While not quite one-hit wonders, The Knack’s eponymous first album hit the airwaves in 1979 like the D-Day landing on Omaha Beach. Led by Doug Fieger (guitar/vocals) with Berton Averre (lead guitar), Bruce Gary (drums) and Prescott Niles (bass), the group’s members did have the “knack” for penning catchy little ditties with a relentless backbeat. The playlist is a litany of the usual boy-girl relationship issues:
- Let Me Out (2:50)
- Your Number Or Your Name (2:57)
- Oh Tara (3:04)
- She’s So Selfish (4:30)
- Maybe Tonight (4:00)
- Good Girls Don’t (3:07)
- My Sharona (4:52)
- Heartbeat (2:11)
- Siamese Twins (The Monkey And Me) (3:25)
- Lucinda (4:00)
- That’s What The Little Girls Do (2:41)
- Frustrated (3:51)
In an unvarnished effort to emulate The Beatles, Buddy Holly, and even The Kinks, from design of the album cover photo to the simplicity of the lyrics, chords (check out “Maybe Tonight”), and harmonies, The Knack never repeated the success of their maiden voyage. Sadly, two of the band members, leader Fieger and drummer Gary have passed away.

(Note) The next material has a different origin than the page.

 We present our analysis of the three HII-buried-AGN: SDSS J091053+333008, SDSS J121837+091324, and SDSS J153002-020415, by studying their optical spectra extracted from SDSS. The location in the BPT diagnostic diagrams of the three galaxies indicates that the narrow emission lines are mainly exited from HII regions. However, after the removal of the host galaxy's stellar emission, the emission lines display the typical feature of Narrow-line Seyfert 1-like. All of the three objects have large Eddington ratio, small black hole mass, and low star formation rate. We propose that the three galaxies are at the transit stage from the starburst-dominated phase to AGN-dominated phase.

Capitol Records, not usually known for audiophile-quality pop albums, got their studio engineers to give us at least decent, if not great sound on this one. The 192kHz/24-bit version in this review wails the proverbial tar out of the 1990 CD reissue (yeah, I bought that one for “My Sharona”). The soundstage is pretty shallow with voices clustered in the middle and guitars in either channel, and drums and bass in the background.

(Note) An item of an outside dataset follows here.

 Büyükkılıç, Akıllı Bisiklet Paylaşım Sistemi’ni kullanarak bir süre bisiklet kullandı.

A PDF file of the cover photo.
The Definitive Word
Rock-and-roll has both its hall of fame and elephant burial ground. Unfortunately for The Knack, this promising 1970s group ended up in the latter. This debut album has a mixture of peppy dance numbers mixed with a couple of mid-tempo ballads (“Maybe Tonight, “Lucinda”). On listening all the way through, after all it only takes 40 minutes of your time, I was struck by the relative homogeneity of many of the songs. In comparison with any of the earlier Beatles albums, there was less variety in subject material or actual melodies, and, I guess, this is what contributed to The Knack’s lack of staying power. Good remastering aside, this hi-res download belongs more to the curiosity file than the mainstream of iconic rock performances. In defense of this group, this album is a good reflection of what young people were hearing and buying in 1979.